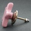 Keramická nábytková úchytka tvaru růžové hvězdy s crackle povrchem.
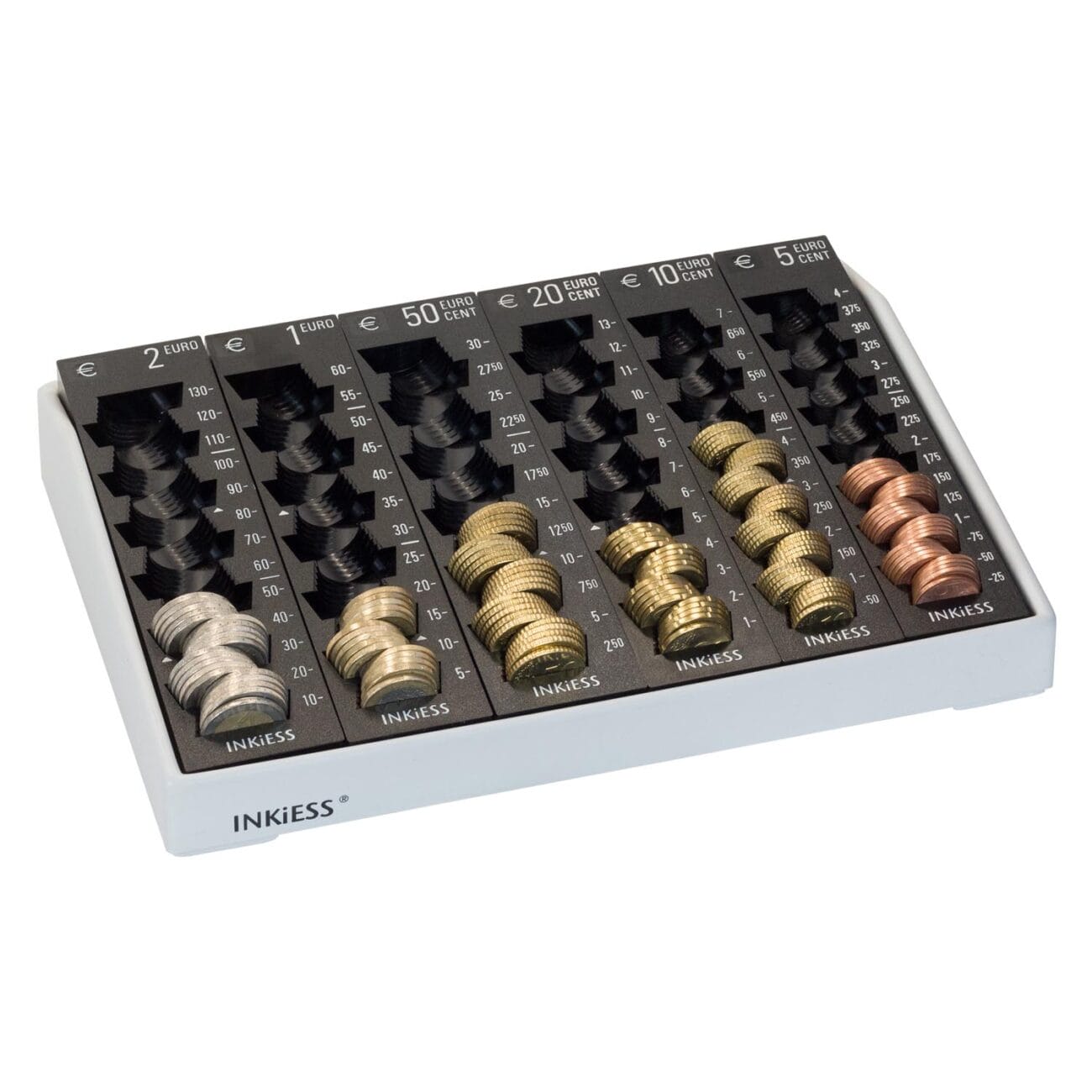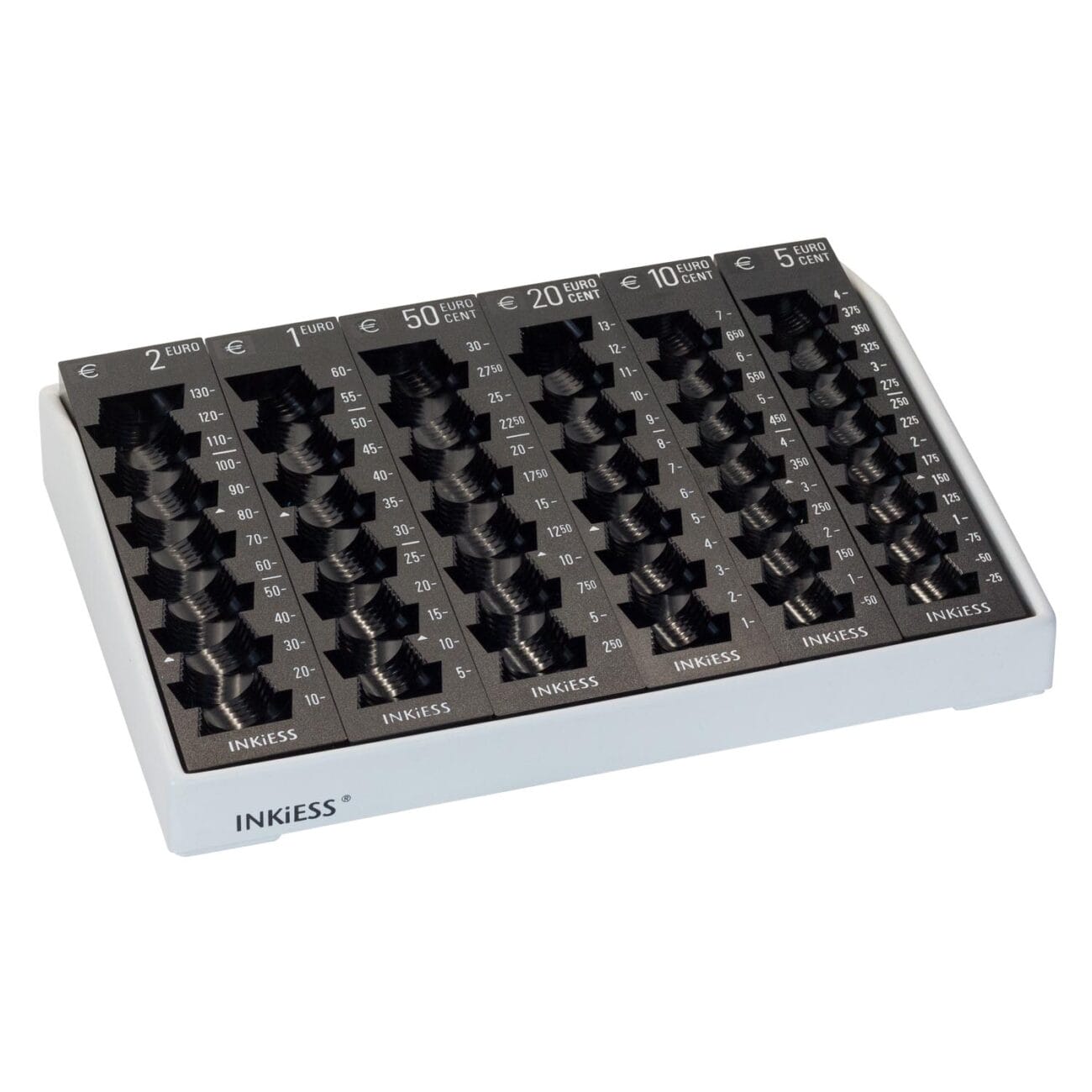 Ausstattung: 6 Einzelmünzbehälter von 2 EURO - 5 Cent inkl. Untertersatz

***

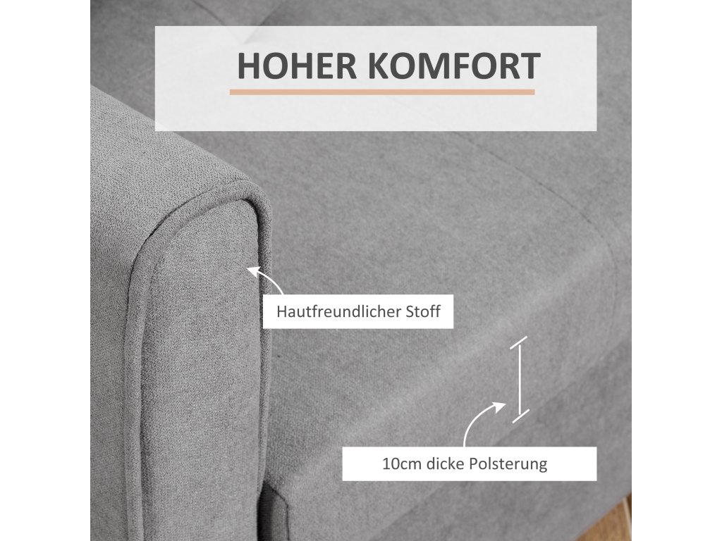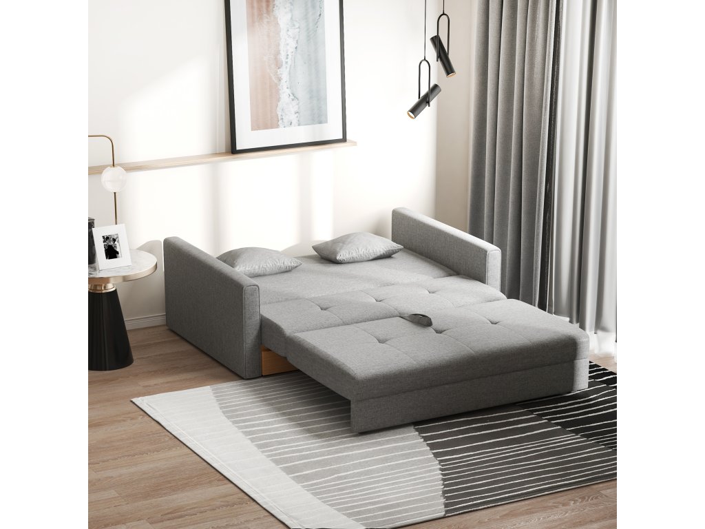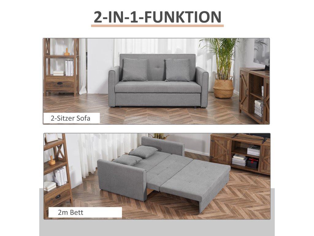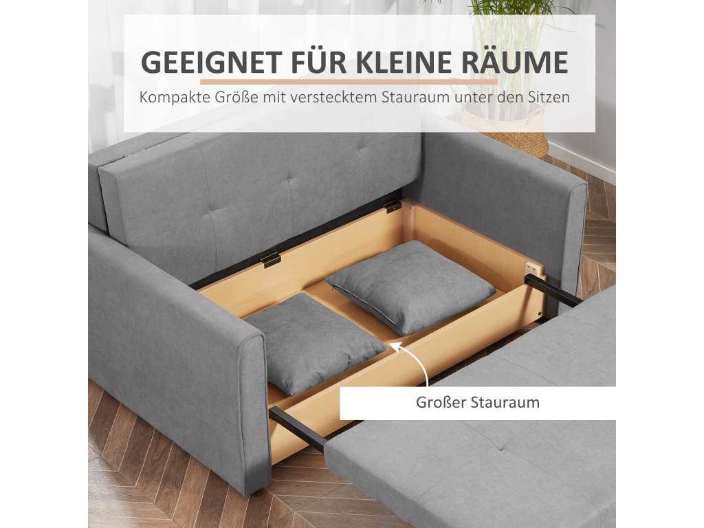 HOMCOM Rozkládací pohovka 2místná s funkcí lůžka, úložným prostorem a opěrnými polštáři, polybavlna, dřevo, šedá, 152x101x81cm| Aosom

***

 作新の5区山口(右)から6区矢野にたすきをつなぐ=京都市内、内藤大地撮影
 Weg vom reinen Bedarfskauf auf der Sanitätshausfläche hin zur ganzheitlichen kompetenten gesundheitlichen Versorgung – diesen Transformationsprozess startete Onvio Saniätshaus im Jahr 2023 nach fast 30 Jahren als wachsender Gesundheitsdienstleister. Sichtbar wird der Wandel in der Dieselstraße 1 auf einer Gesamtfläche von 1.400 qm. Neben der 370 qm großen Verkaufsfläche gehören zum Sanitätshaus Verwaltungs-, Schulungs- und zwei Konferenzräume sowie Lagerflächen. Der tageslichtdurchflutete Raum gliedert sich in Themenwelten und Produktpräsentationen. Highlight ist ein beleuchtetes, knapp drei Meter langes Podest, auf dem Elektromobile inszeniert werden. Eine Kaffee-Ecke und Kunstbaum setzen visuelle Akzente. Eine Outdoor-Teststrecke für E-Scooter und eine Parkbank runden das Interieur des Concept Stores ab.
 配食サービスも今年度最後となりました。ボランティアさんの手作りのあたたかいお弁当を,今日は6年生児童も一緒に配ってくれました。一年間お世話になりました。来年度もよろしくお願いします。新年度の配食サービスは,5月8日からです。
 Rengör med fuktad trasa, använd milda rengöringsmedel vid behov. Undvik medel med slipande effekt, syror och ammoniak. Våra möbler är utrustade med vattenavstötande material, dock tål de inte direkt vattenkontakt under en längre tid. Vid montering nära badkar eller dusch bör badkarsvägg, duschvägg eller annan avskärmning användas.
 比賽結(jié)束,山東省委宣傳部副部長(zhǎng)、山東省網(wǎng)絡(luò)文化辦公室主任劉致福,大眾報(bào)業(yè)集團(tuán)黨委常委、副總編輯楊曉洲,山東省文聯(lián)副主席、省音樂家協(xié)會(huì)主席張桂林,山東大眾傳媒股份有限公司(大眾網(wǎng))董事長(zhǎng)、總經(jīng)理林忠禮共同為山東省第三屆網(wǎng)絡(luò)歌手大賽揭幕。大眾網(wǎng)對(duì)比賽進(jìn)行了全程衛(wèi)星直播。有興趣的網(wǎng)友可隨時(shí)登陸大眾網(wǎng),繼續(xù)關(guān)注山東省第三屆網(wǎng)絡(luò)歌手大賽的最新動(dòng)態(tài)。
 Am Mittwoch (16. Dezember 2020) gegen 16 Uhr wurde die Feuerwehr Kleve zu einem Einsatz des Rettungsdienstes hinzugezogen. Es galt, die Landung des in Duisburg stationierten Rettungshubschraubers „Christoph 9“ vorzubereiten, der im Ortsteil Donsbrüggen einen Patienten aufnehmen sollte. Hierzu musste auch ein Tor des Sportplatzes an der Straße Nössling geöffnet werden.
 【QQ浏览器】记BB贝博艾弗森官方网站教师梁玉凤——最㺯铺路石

***

Scan the listing above for the word "werden" and show each line where it is found.

 Weg vom reinen Bedarfskauf auf der Sanitätshausfläche hin zur ganzheitlichen kompetenten gesundheitlichen Versorgung – diesen Transformationsprozess startete Onvio Saniätshaus im Jahr 2023 nach fast 30 Jahren als wachsender Gesundheitsdienstleister. Sichtbar wird der Wandel in der Dieselstraße 1 auf einer Gesamtfläche von 1.400 qm. Neben der 370 qm großen Verkaufsfläche gehören zum Sanitätshaus Verwaltungs-, Schulungs- und zwei Konferenzräume sowie Lagerflächen. Der tageslichtdurchflutete Raum gliedert sich in Themenwelten und Produktpräsentationen. Highlight ist ein beleuchtetes, knapp drei Meter langes Podest, auf dem Elektromobile inszeniert werden. Eine Kaffee-Ecke und Kunstbaum setzen visuelle Akzente. Eine Outdoor-Teststrecke für E-Scooter und eine Parkbank runden das Interieur des Concept Stores ab.
 Am Mittwoch (16. Dezember 2020) gegen 16 Uhr wurde die Feuerwehr Kleve zu einem Einsatz des Rettungsdienstes hinzugezogen. Es galt, die Landung des in Duisburg stationierten Rettungshubschraubers „Christoph 9“ vorzubereiten, der im Ortsteil Donsbrüggen einen Patienten aufnehmen sollte. Hierzu musste auch ein Tor des Sportplatzes an der Straße Nössling geöffnet werden.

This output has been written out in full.